Sie teilten dem Wirt mit, dass die Genehmigung zur Nutzung der Außenfläche mit sofortiger Wirkung widerrufen wird. In der Begründung schreibt der Fachbereich Recht und Ordnung: „Der Gesundheitsschutz der Anwohner wiegt schwerer als die Einschränkungen, die Sie aufgrund dieser Verfügung hinnehmen müssen.“ Die Beschwerdeführer fühlten sich durch den Betrieb der Gaststätte ganztätig erheblich gestört, heißt es weiter. Und: Wer um Ruhe bitte, werde von den Gästen beschimpft. Als Beweis führt das Amt „vorliegende Bilder und Videos“ auf. Ob es rechtens ist, dass von Nachbarn gemachte Aufnahmen gegen ihn verwendet werden, fragt sich Irion, der mit Hilfe einer Anwältin gegen den Beschluss der Stadt vorgehen will.
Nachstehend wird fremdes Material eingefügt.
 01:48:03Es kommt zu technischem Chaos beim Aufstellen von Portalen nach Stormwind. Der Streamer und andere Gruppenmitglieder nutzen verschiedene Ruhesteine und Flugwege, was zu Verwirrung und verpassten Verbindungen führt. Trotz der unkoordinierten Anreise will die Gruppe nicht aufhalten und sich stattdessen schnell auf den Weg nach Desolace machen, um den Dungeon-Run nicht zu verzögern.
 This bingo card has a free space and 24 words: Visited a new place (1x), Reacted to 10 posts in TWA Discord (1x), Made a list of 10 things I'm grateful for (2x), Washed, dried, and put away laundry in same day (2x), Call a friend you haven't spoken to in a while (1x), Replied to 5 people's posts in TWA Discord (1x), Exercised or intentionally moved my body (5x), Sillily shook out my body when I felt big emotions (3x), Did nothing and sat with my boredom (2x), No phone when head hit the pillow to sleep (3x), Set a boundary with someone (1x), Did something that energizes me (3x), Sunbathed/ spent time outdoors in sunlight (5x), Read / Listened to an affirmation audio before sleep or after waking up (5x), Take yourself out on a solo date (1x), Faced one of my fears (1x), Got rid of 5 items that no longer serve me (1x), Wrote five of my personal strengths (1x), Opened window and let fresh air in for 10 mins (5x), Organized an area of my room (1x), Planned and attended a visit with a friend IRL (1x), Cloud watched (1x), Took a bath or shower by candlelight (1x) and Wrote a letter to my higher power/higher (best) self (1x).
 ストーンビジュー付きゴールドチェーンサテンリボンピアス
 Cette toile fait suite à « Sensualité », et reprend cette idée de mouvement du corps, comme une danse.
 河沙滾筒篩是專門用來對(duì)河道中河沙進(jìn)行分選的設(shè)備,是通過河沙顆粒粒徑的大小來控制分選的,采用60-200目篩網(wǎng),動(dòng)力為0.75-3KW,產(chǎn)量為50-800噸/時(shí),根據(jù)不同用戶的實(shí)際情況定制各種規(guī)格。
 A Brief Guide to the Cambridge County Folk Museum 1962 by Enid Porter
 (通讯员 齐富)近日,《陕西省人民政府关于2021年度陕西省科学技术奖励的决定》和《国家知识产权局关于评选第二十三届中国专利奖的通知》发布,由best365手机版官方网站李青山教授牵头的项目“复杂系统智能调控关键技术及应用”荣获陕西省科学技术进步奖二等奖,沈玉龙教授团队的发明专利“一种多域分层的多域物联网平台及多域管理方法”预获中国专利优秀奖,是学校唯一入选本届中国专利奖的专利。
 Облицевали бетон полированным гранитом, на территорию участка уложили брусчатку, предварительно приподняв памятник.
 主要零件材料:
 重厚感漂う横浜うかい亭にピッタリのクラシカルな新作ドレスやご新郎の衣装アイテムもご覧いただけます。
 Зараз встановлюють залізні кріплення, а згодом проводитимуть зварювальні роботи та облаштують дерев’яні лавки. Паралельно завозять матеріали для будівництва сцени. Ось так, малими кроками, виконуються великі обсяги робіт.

Silke Reuter war mit einigen Freunden von der Geburtstagsparty schon bei der Polizei, um Anzeige gegen den Videofilmer zu stellen.

Sommerfest findet statt

Dass sich die Stimmung zwischen Gästen und einigen Nachbarn in den vergangenen Jahren hochgeschaukelt hat, bestreiten weder Irion noch Reuter. Sie sehen durch die Verfügung des Amts aber die Zukunft der „Kupferklause“ in Gefahr. Selbst das jährliche Sommerfest des Sparclubs wollte das Amt untersagen. Dabei, so der Wirt, stelle er nur die Räume zur Verfügung, sei aber nicht der Veranstalter. Das habe das Amt nicht interessiert, berichtet Reuter – bis sich Mitglieder der Bürgerliste einmischten und sich beim Ordnungsamt erkundigten. „Siehe da, wir dürfen unser Sommerfest am 31. August doch feiern“, so Reuter. Mitglieder der Bürgerliste, die als Gäste der Kneipe auf den Streit aufmerksam geworden waren, wollen nun vermitteln. Am Freitag sollen sich Wirt, Stammgäste und Nachbarn zusammensetzen – auf neutralem Boden, im Kleingartenverein Butterheide.